- Born: Thomas William Glass December 8, 1948
- Died: June 26, 2026 (aged 77) Diamond Valley, Alberta, Canada
- Occupations: Actor, chuckwagon racer, stuntman
- Spouse: Joanne Glass
- Children: 3

= Tom Glass (chuckwagon racer) =

Canadian actor, chuckwagon racer and stuntman (1948–2026)

Thomas William Glass (December 8, 1948 – June 26, 2026) was a Canadian actor, chuckwagon racer and stuntman.

== Early life and career ==
Glass was the son of Ronald and Iris Glass. At the age of fourteen, he began his career as an outrider, and won his first Ponoka Stampede in 1972. His brother was killed at the Calgary Stampede in the 1970s. In 1974, he won the Last Chance Chuckwagon races in Lethbridge, Alberta, and in 1980, he won the North American Chuckwagon Racing Championship.

He began his screen career in 1970, performing an uncredited stunt in the film Moonfire. Later in his career, he appeared and performed stunts in numerous films such as Draw!, Naked Gun 33 1/3: The Final Insult, High Noon, Beverly Hills Cop, Stop! Or My Mom Will Shoot, Snow Day, Cool Runnings, Happy Gilmore, Bird on a Wire and Stakeout.

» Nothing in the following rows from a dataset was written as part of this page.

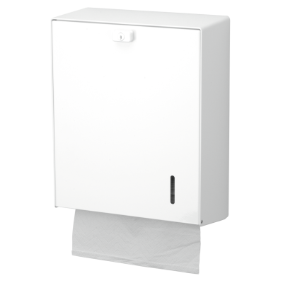 ingo-man® HS 31 P, Papierhandtuchspender mit Kunststoffentnahme, für ca. 500-600 Faltpapierhandtücher mit ZZ- oder Lagenfalz, mit integriertem Einlagebügel für Nutzung von Interfold- und Z-Falz-Papier, Aluminium, weiß pulverbeschichtet (RAL 9010), Metall-Frontklappe mit Sichtschlitz, mit Schloss und Schlüssel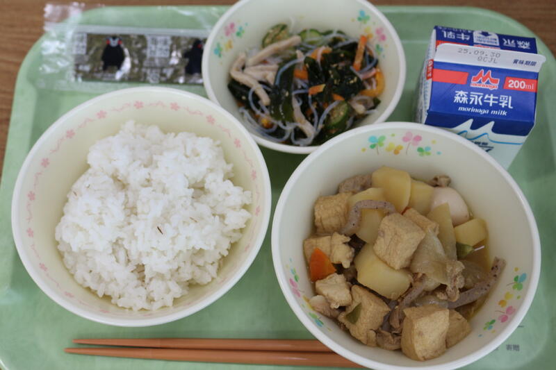 『麦ごはん・五目肉じゃが・春雨の酢の物・一食のり・牛乳』です。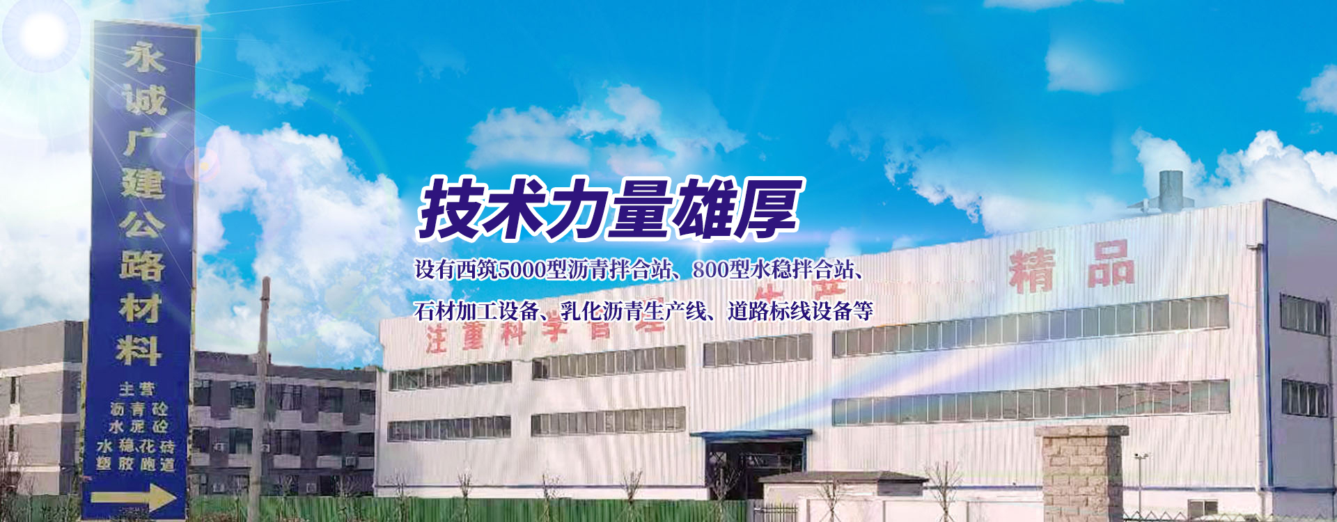 永誠廣建公路材料(山東)有限公司,坐落于商河縣賈莊鎮民營經濟創業園,設有西筑5000型瀝青拌合站、800型水穩拌合站、石材加工設備、乳化瀝青生產線、道路標線設備等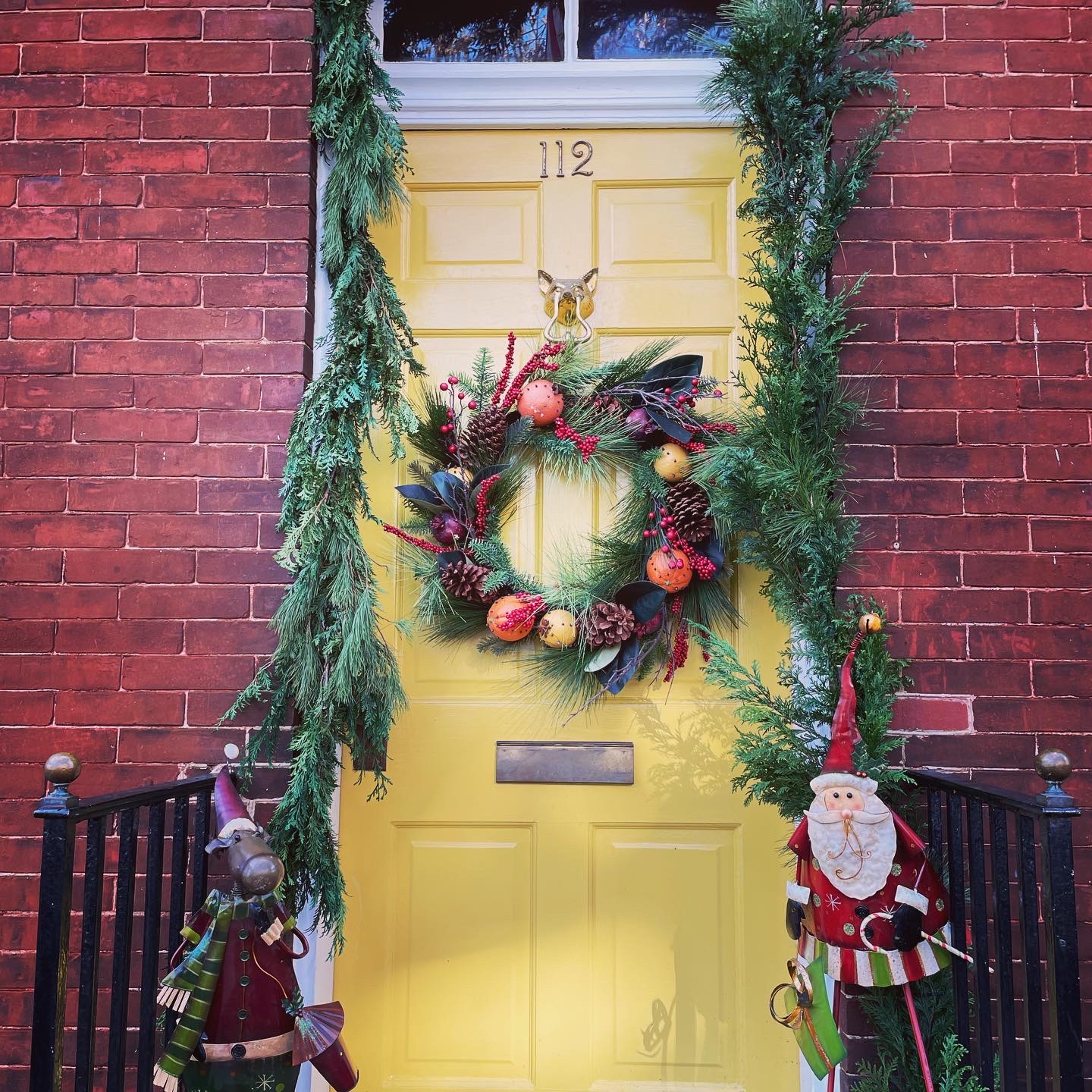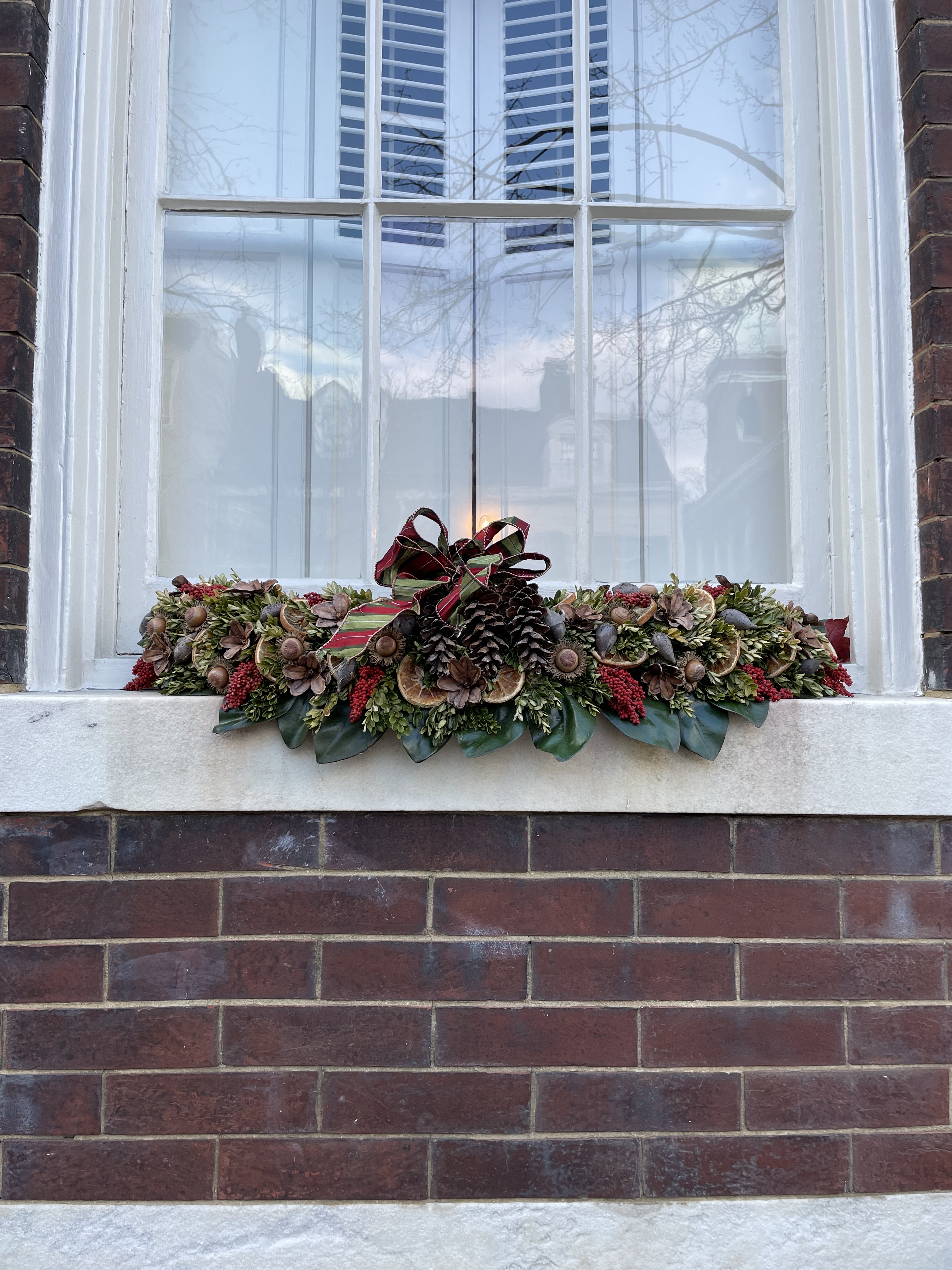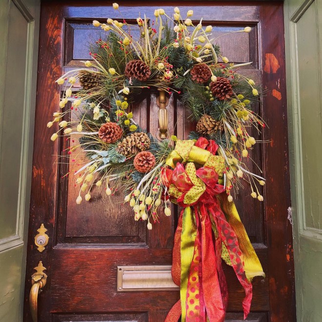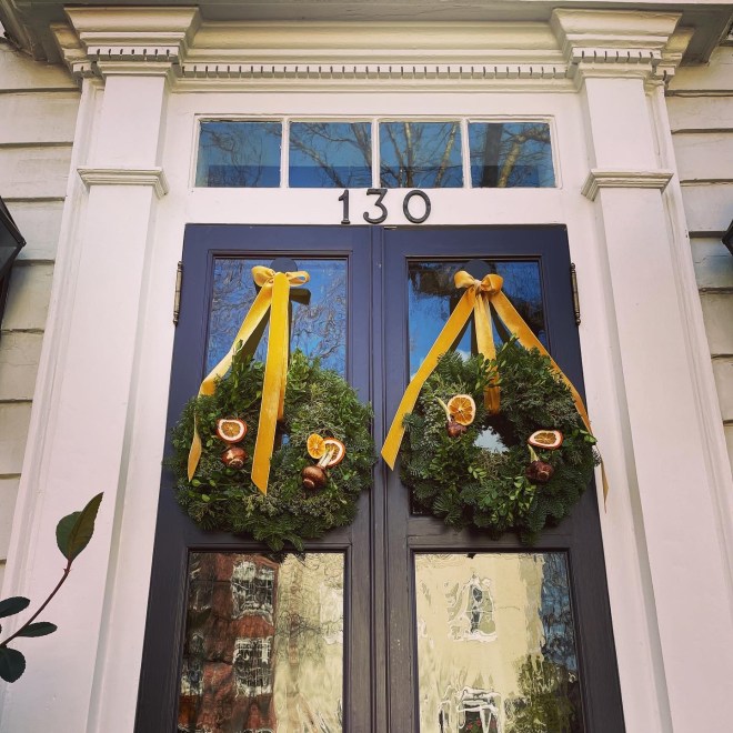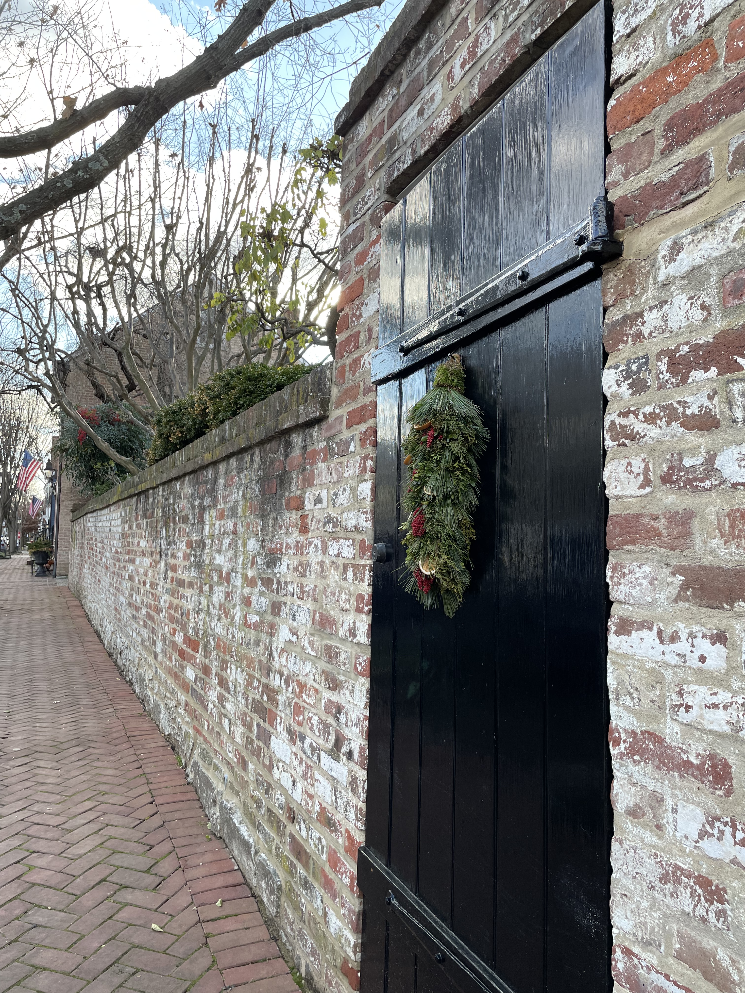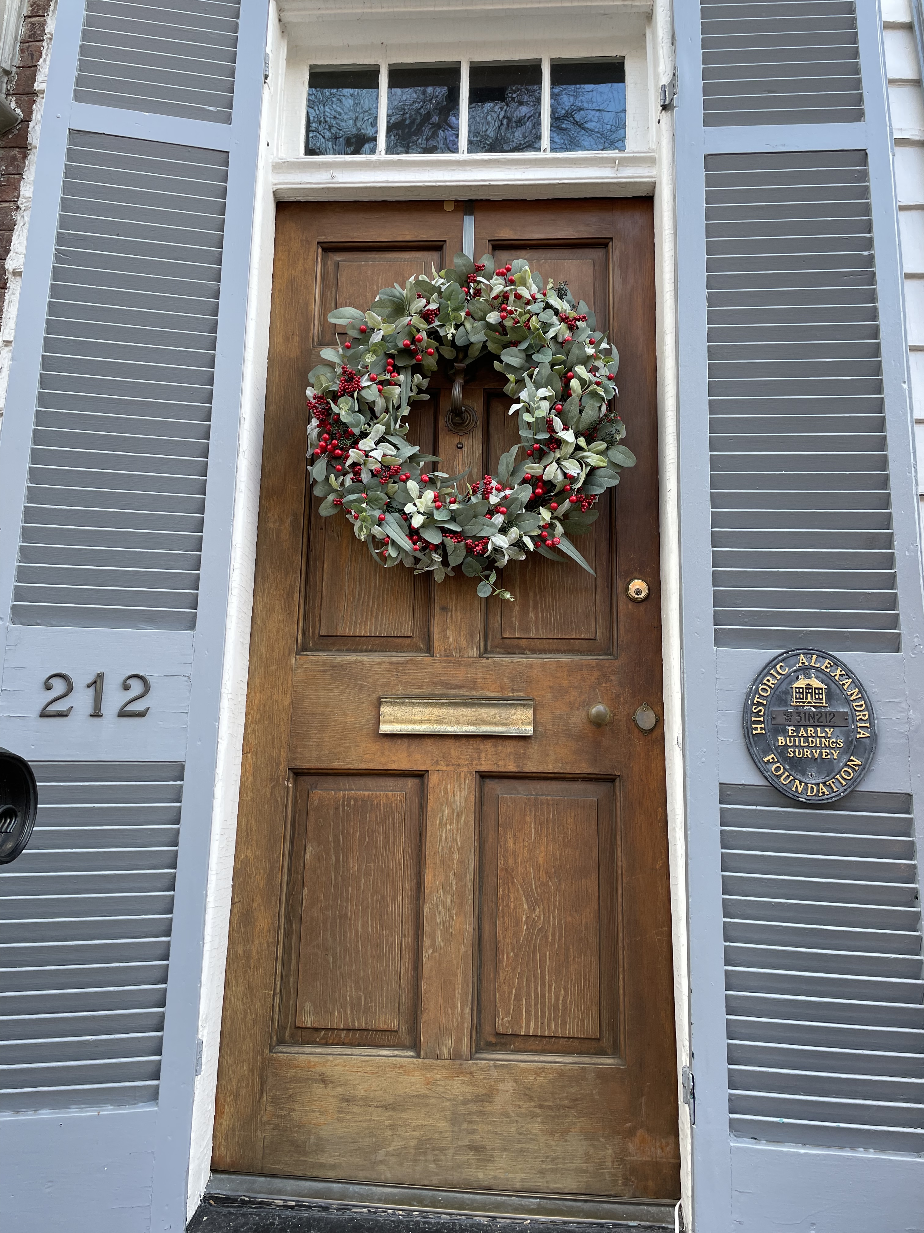 Finally – the other essential! Every year starting in about 2010, I think, Steve and I had a tradition of walking around Old Town Alexandria and looking at the holiday decorations. Old Town is a very historic area – pre-Revolution, actually – and the residents stay true to the look and feel of the neighborhood by choosing very traditional holiday decor. Lots of greenery and fruit. The wreaths are especially beautiful.

He also performed a truck stunt in the NBC detective drama television series The Rockford Files, and in 2001, he was nominated for a Taurus World Stunt Award in the category Best Fight for the film Shanghai Noon.

In 2013, Glass was inducted into the Alberta Sports Hall of Fame.

== Personal life and death ==
Glass was married to Joanne. They had three children. Their marriage lasted until his death in 2026.

Glass died at the Oilfields General Hospital in Diamond Valley, Alberta, on June 26, 2026, at the age of 77.